◆ **INSTRUCTIONS FOR THE TASK**
Pictures are to be left out; everything else in the records must be repeated exactly.

[MATERIAL FOR THIS EXERCISE]

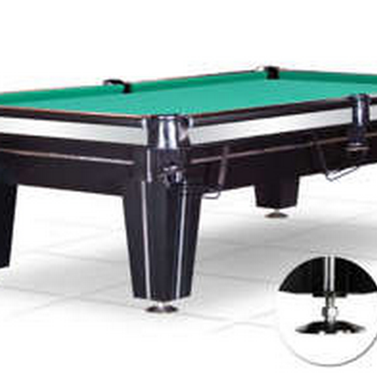 Бильярдный стол в стиле Hi-Tech для пирамиды. Конструкция стола включает в себя ряд новейших разработок, используемых в производстве бильярдного оборудования, что поднимает эту модель на новый уровень качества, долговечности и профессионализма: 1. Рама и ножки стола изготовлены из переклеенных брусков твердых пород дерева, что обеспечивает прекрасную жесткость и отличную устойчивость к перепадам температур. 2. Каждая из ножек крепится к боковой части рамы (царге) двумя болтами, снабженными шайбами специальной формы, которые не позволяют каркасу стола расшатываться в процессе эксплуатации. 3. Ширина борта, изготовленного из массива твердых пород дерева, увеличена с распространенных 90 мм до 100 мм, а длина крепежного болта до 120 мм., что позволяет игроку полностью контролировать траекторию движения шаров. На Ваш выбор предоставляется два варианта дизайна - классический черный и с зеркальными вкладками на бортах. Вам остается только решить - какой из них больше украсит Ваш интерьер. 4. Стол оснащен лузами с выкатом со скобами специальной конструкции, обеспечивающие их прочность и износостойкость. 5. В ножках стола установлены металлические домкраты с болтом увеличенного сечения и длинной втулкой, позволяющие регулировать высоту бортов в более широком диапазоне. Стол может быть укомплектован опорами с основанием круглой или квадратной формы - по Вашему выбору. Тип игры: Пирамида Основа игрового поля: Ардезия Толщина плит, мм: 25 мм из трех частей Цвет: чёрный Бортовая резина: DBO Speedball Сукно: Iwan Simonis (желто-зеленое) Лузы: латунь, кожа, лен (с выкатом) Диаметр шара, мм: 68 Минимальные размеры помещения, см: 584 х 457 Размер: 9 футов
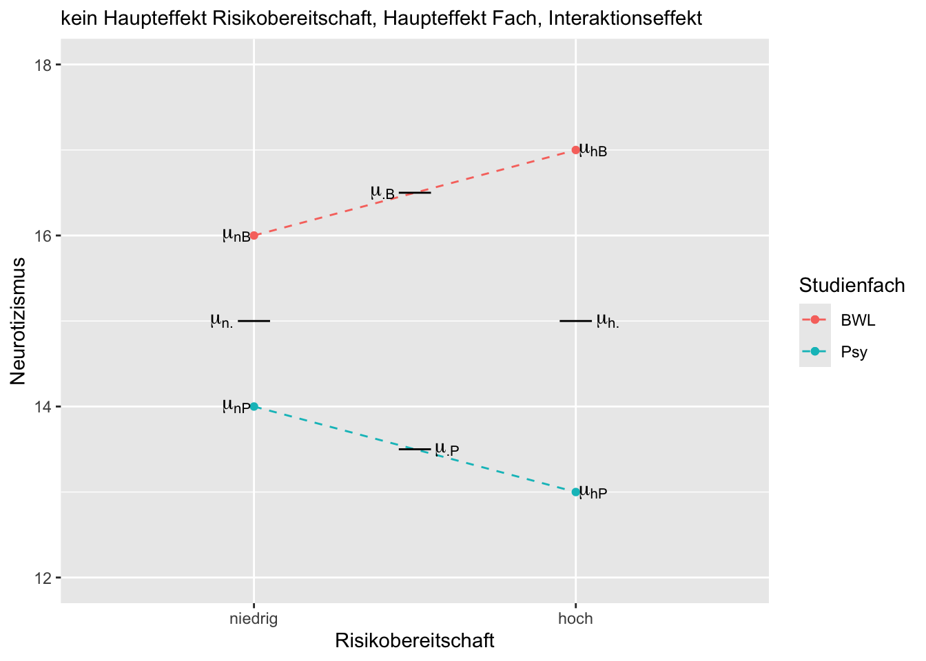 Bei dem eingezeichneten Profilplot liegt keine Interaktion von Risikobereitschaft und Studienfach vor, da \(\mu_{nP} - \mu_{hP} = \mu_{nB} - \mu_{hB}\) bzw. \(\mu_{nP} - \mu_{nB}= \mu_{hP} - \mu_{hB}\). Es liegt kein Haupteffekt Studienfach vor, da \(\mu_{\cdot P} = \mu_{\cdot B}\). Es liegt kein Haupteffekt Risikobereitschaft vor, da \(\mu_{n \cdot} = \mu_{h \cdot}\).
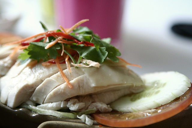 The first dish I usually make from my chicken is similar to Cantonese white cut chicken. It’s typically a straightforward poached chicken on rice, served with a ginger-scallion-garlic dipping sauce. Simply heat two stalks of chopped scallions, three cloves of minced garlic, a few coins of ginger and a teaspoonful of salt with a few tablespoons of sesame and olive oil. It’s a wonderfully fragrant and flavorful sauce that also goes well with meaty white fish like tilapia or leafy green vegetables.
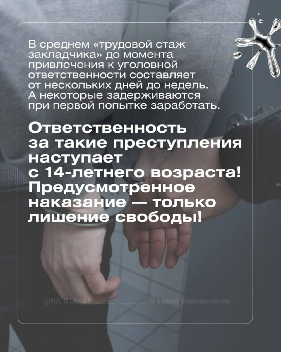 ❗️Те, кто оступился, потом жалеют об этом. Упущены время и возможности плюс подорвано здоровье… А за закладки – ещё и лишение свободы!
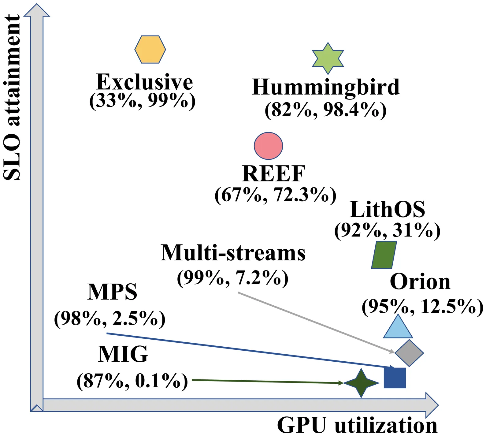 Existing GPU-sharing techniques, including spatial and temporal sharing, aim to improve utilization but face challenges in simultaneously ensuring SLO adherence and maximizing efficiency due to the lack of fine-grained task scheduling on closed-source GPUs. This paper presents Hummingbird, an SLO-oriented GPU scheduling system that overcomes these challenges by enabling microsecond-scale preemption on closed-source GPUs while effectively harvesting idle GPU time slices. Comprehensive evaluations across diverse GPU architectures reveal that Hummingbird improves the SLO attainment of high-priority tasks by 9.7x and 3.5x compared to the state-of-the-art spatial and temporal-sharing approaches. When compared to executing exclusively, the SLO attainment of the high-priority task, collocating with low-priority tasks on Hummingbird, only drops by less than 1%. Meanwhile, the throughput of the low-priority task outperforms the state-of-the-art temporal-sharing approaches by 2.4x. Hummingbird demonstrates significant effectiveness in ensuring the SLO while enhancing GPU utilization.
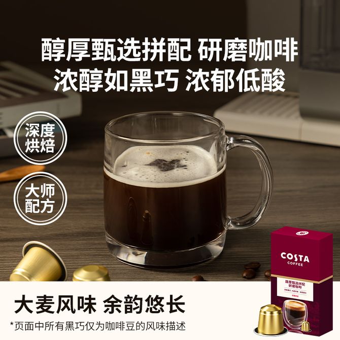 COSTA 醇厚甄选拼配胶囊咖啡5g*10/盒 浓郁黑巧 大麦风味 兑换价格 2000 里程 会员卡别 终身白金卡 白金卡 金卡 银卡 普通卡 儿童卡 服务 由 南美进口馆 发货并提供售后 规格: 盒装 购买数量: 件 库存件 配送地址: 立即购买 加入购物车 成功添加到购物车 关闭 购物车共有 种商品 总金额为: 组合销售 产品介绍 产品规格 售后服务 产品咨询 发现好货 星巴克 星选芝士奶香270ml*3瓶 即饮咖啡瓶装饮料 1200 里程 摩可纳/MOCCONA 经典深度烘焙冻干速溶咖啡 100g 3900 里程 星巴克Nespresso浓遇胶囊咖啡10粒中度烘焙特选综合美式大杯瑞士进口 2200 里程 麦斯威尔(Maxwell House) 金咖咖啡固体饮料90克 1800 里程 味滋源 小颗粒苦咖啡豆粉速溶咖啡美式黑咖啡20g*5盒(共50袋) 1100 里程
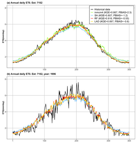 Figure 4 shows, as an example, the prediction of ET (mm day) in weather station 7152, located in the center of the DHS. The figure shows a hypothetical year (a), estimated from the average daily values or the test data, and the results for 1996 (b). Its goodness of fit in validation is good and similar to the average values in Figure 3. It includes the forecasts of the two best MMEs (RF and LAD) and SA as a reference series.
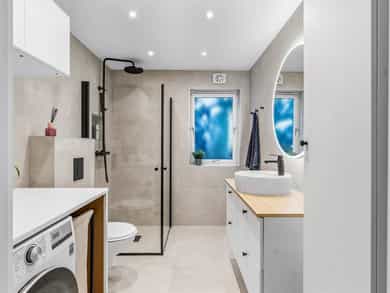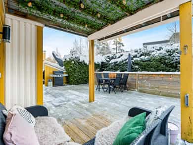 Lys og lekkert oppusset 4-roms endeleilighet m/garasje! Elbillader - Sydvendt terrasse på 37m² - Bad og kjøkken fra 2022
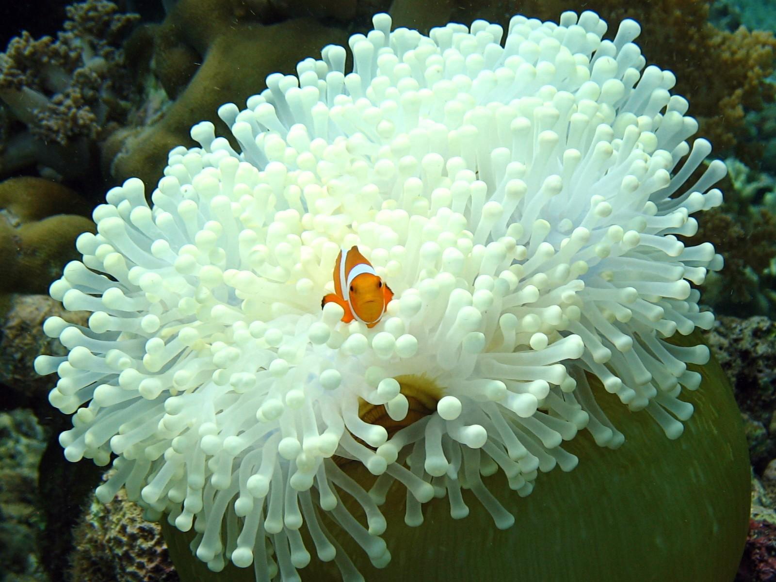Обои Рыба среди белых анемон

[/MATERIAL FOR THIS EXERCISE]

◆ **YOUR SOLUTION**
 Бильярдный стол в стиле Hi-Tech для пирамиды. Конструкция стола включает в себя ряд новейших разработок, используемых в производстве бильярдного оборудования, что поднимает эту модель на новый уровень качества, долговечности и профессионализма: 1. Рама и ножки стола изготовлены из переклеенных брусков твердых пород дерева, что обеспечивает прекрасную жесткость и отличную устойчивость к перепадам температур. 2. Каждая из ножек крепится к боковой части рамы (царге) двумя болтами, снабженными шайбами специальной формы, которые не позволяют каркасу стола расшатываться в процессе эксплуатации. 3. Ширина борта, изготовленного из массива твердых пород дерева, увеличена с распространенных 90 мм до 100 мм, а длина крепежного болта до 120 мм., что позволяет игроку полностью контролировать траекторию движения шаров. На Ваш выбор предоставляется два варианта дизайна - классический черный и с зеркальными вкладками на бортах. Вам остается только решить - какой из них больше украсит Ваш интерьер. 4. Стол оснащен лузами с выкатом со скобами специальной конструкции, обеспечивающие их прочность и износостойкость. 5. В ножках стола установлены металлические домкраты с болтом увеличенного сечения и длинной втулкой, позволяющие регулировать высоту бортов в более широком диапазоне. Стол может быть укомплектован опорами с основанием круглой или квадратной формы - по Вашему выбору. Тип игры: Пирамида Основа игрового поля: Ардезия Толщина плит, мм: 25 мм из трех частей Цвет: чёрный Бортовая резина: DBO Speedball Сукно: Iwan Simonis (желто-зеленое) Лузы: латунь, кожа, лен (с выкатом) Диаметр шара, мм: 68 Минимальные размеры помещения, см: 584 х 457 Размер: 9 футов
 Bei dem eingezeichneten Profilplot liegt keine Interaktion von Risikobereitschaft und Studienfach vor, da \(\mu_{nP} - \mu_{hP} = \mu_{nB} - \mu_{hB}\) bzw. \(\mu_{nP} - \mu_{nB}= \mu_{hP} - \mu_{hB}\). Es liegt kein Haupteffekt Studienfach vor, da \(\mu_{\cdot P} = \mu_{\cdot B}\). Es liegt kein Haupteffekt Risikobereitschaft vor, da \(\mu_{n \cdot} = \mu_{h \cdot}\).
 The first dish I usually make from my chicken is similar to Cantonese white cut chicken. It’s typically a straightforward poached chicken on rice, served with a ginger-scallion-garlic dipping sauce. Simply heat two stalks of chopped scallions, three cloves of minced garlic, a few coins of ginger and a teaspoonful of salt with a few tablespoons of sesame and olive oil. It’s a wonderfully fragrant and flavorful sauce that also goes well with meaty white fish like tilapia or leafy green vegetables.
 ❗️Те, кто оступился, потом жалеют об этом. Упущены время и возможности плюс подорвано здоровье… А за закладки – ещё и лишение свободы!
 Existing GPU-sharing techniques, including spatial and temporal sharing, aim to improve utilization but face challenges in simultaneously ensuring SLO adherence and maximizing efficiency due to the lack of fine-grained task scheduling on closed-source GPUs. This paper presents Hummingbird, an SLO-oriented GPU scheduling system that overcomes these challenges by enabling microsecond-scale preemption on closed-source GPUs while effectively harvesting idle GPU time slices. Comprehensive evaluations across diverse GPU architectures reveal that Hummingbird improves the SLO attainment of high-priority tasks by 9.7x and 3.5x compared to the state-of-the-art spatial and temporal-sharing approaches. When compared to executing exclusively, the SLO attainment of the high-priority task, collocating with low-priority tasks on Hummingbird, only drops by less than 1%. Meanwhile, the throughput of the low-priority task outperforms the state-of-the-art temporal-sharing approaches by 2.4x. Hummingbird demonstrates significant effectiveness in ensuring the SLO while enhancing GPU utilization.
 COSTA 醇厚甄选拼配胶囊咖啡5g*10/盒 浓郁黑巧 大麦风味 兑换价格 2000 里程 会员卡别 终身白金卡 白金卡 金卡 银卡 普通卡 儿童卡 服务 由 南美进口馆 发货并提供售后 规格: 盒装 购买数量: 件 库存件 配送地址: 立即购买 加入购物车 成功添加到购物车 关闭 购物车共有 种商品 总金额为: 组合销售 产品介绍 产品规格 售后服务 产品咨询 发现好货 星巴克 星选芝士奶香270ml*3瓶 即饮咖啡瓶装饮料 1200 里程 摩可纳/MOCCONA 经典深度烘焙冻干速溶咖啡 100g 3900 里程 星巴克Nespresso浓遇胶囊咖啡10粒中度烘焙特选综合美式大杯瑞士进口 2200 里程 麦斯威尔(Maxwell House) 金咖咖啡固体饮料90克 1800 里程 味滋源 小颗粒苦咖啡豆粉速溶咖啡美式黑咖啡20g*5盒(共50袋) 1100 里程
 Figure 4 shows, as an example, the prediction of ET (mm day) in weather station 7152, located in the center of the DHS. The figure shows a hypothetical year (a), estimated from the average daily values or the test data, and the results for 1996 (b). Its goodness of fit in validation is good and similar to the average values in Figure 3. It includes the forecasts of the two best MMEs (RF and LAD) and SA as a reference series.
 Lys og lekkert oppusset 4-roms endeleilighet m/garasje! Elbillader - Sydvendt terrasse på 37m² - Bad og kjøkken fra 2022
Обои Рыба среди белых анемон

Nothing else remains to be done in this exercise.